爲國?爲民?爲已?爲夢?
項茲笑着說:“你不要把此事告訴殿下和幻兒。”
“我明白!”柴諾遲疑了很久才說了這句話。
“安州必守不住,我也活不長。在我死之前,我要把一個祕密告訴你!”
“是不是關於子好殿下之死?”
項茲苦笑着說:“你還是這樣固執!子好殿下死了這麼多年,你還要計較這件事作什麼?這個祕密可大可小,我之所以告訴你是因爲我們這麼多年的交情。”
“好,你說!”
“自明月國開國那天起,明月國的王室就一直隱藏着一個祕密!”
柴諾一聽就立刻來了精神,他鄒着眉說:“此事我怎麼一點也不知道?”
項茲說:“這是明月國的傳國之祕,你怎麼可能知道。此事只有明月國的大王才能知道。此事不成文而只能口授,明月國曆屆的大王在死前會把此事告訴下一任大王。”
柴諾說:“既然如此,可見此事極爲重要。”
“重要?”項茲冷笑着說:“說重要,它的確重要。此事關係明月國的存亡。說不重要,它狗屁不是。”
聽到項茲這樣說,柴諾大約猜到了項茲接下來要說的是什麼。
項茲接着說:“要不是我是明月國的國師,要不是子好殿下異死,我也不能知道此事。”
柴諾說:“是大王把此事告訴你的?”
“正是!”項茲說:“在子好死後,大王曾經悲痛過度而病倒,那時他將這個祕密告訴了我。這個祕密就是明月國王室之中會出棄父殺兄之子,此人心有萬惡也有萬善,必亡明月國。”
柴諾還以爲這個祕密有多麼詭祕,可是他聽到項茲這樣說卻並沒有驚奇,他笑着說:“原來不過如此。按這個說法,明月國以前都有這樣的王子,大王也算是其中一人。除了這個還有沒有別的?”
項茲說:“沒有了。”
柴諾說:“你鄭重其事地找我說這樣一件事,這可令我很失望。”
項茲說:“我本和你一樣,覺得此事並沒有什麼了不起。可是你和我一樣忽視了其中一個關鍵。”
“什麼關鍵?”
“萬惡和萬善!”
回味着剛纔項茲說過的話,柴諾明白了他的意思。他又想起了項茲給子萊的那片枯葉。
生與死?
離與別?
飄零或是生根
柴諾幽幽地說:“你的意思是說,這個傳說中的混蛋就是殿下?”
“是非對錯,誰能清?是也罷,不是也罷。其中的道理,你還要我說麼?”項茲說此話時的神情很怪異。

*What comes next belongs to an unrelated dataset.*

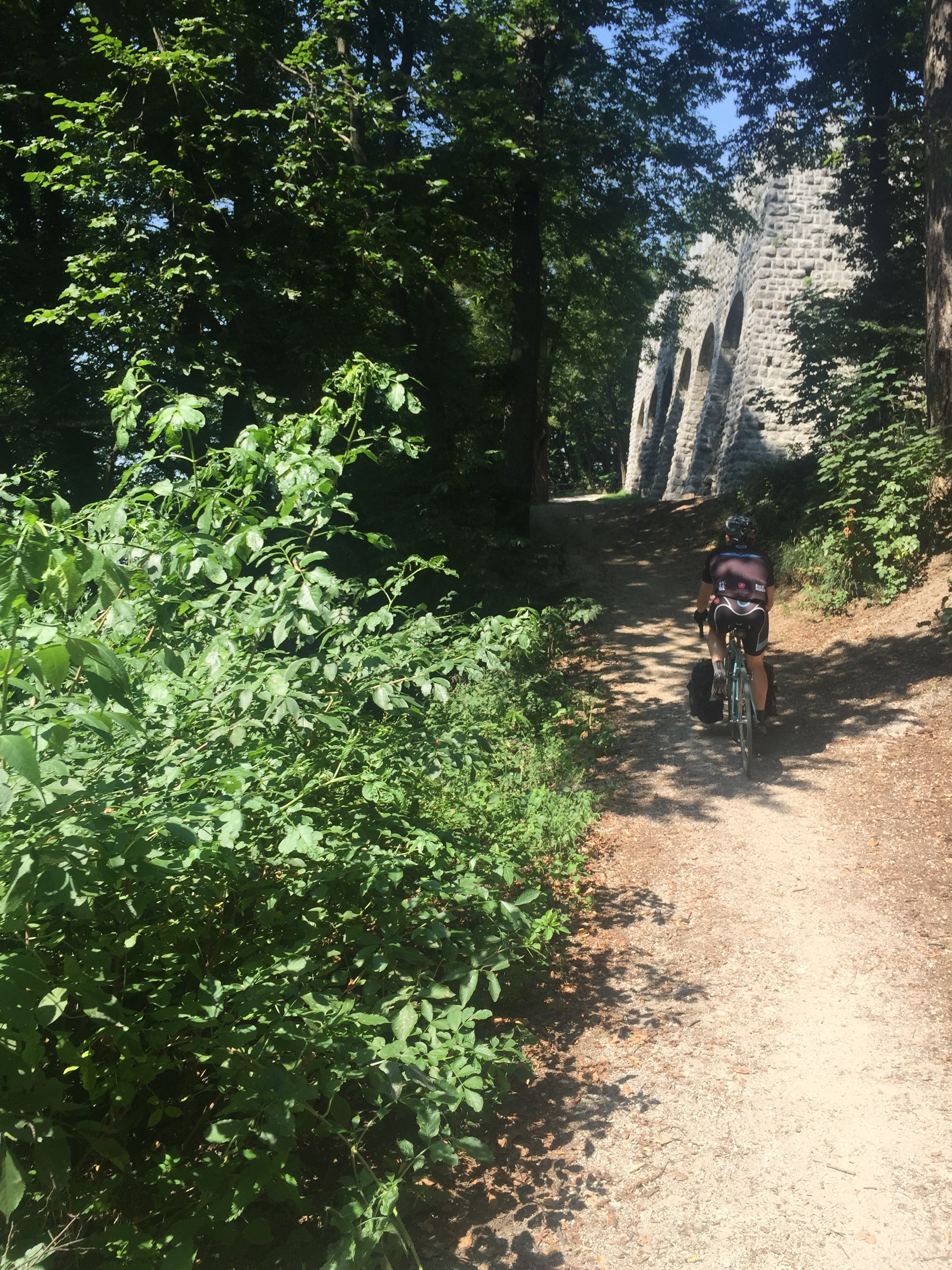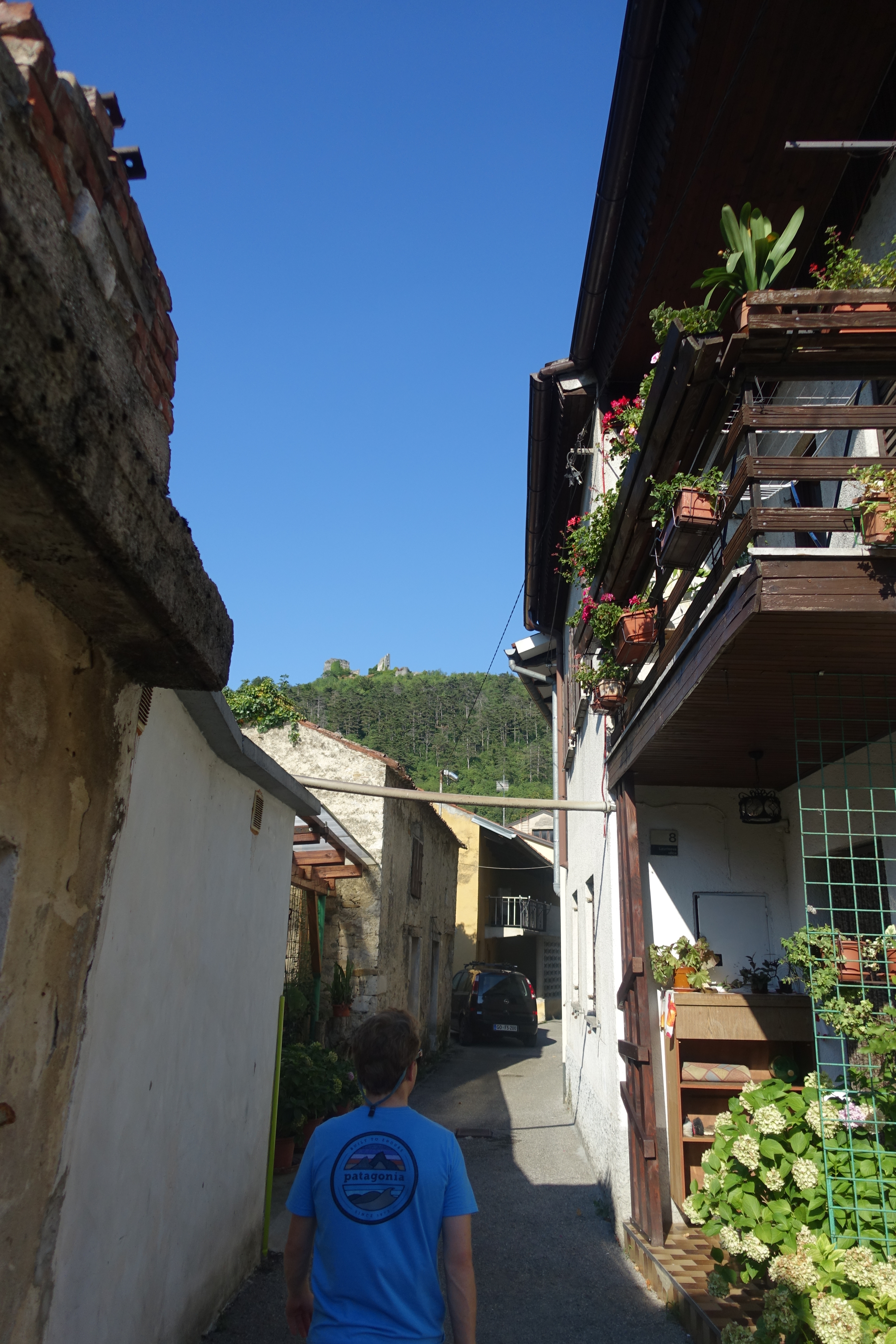 Wednesday morning I woke up and my tummy wasn’t super happy with me. We had a short (20m, 3000k ft elevation) day in store. We first rode to Pradjama Castle which is a castle built into the side of a cliff at the entrance to a cave. A robin hood (depending on your opinion) owner of the castle stayed there for a year while under siege and used a secret entrance via the caves for supplies. The castle and audio tour were actually more interesting than normal. At the castle we could tell we were on the Slovenian “tourist trail”. We saw a couple other cyclotourers including a break apart tandem.

看着項茲那張恐怖的臉,柴諾沉默良久才說:“或許殿下已經知道了此事。”
項茲茫然地搖了搖頭說:“未必!”
“你不是說這是王室獨傳之祕麼?”
項茲沒有回答柴諾,他說:“你還記得在殿下從樂極城回都城之前,大王測的夢麼?”
“當然記得。”
“血月!”項茲說這兩個字的時候,他的語氣很沉重。
血月!
在明月國,沒有人不知道“血月”代表的含義是什麼。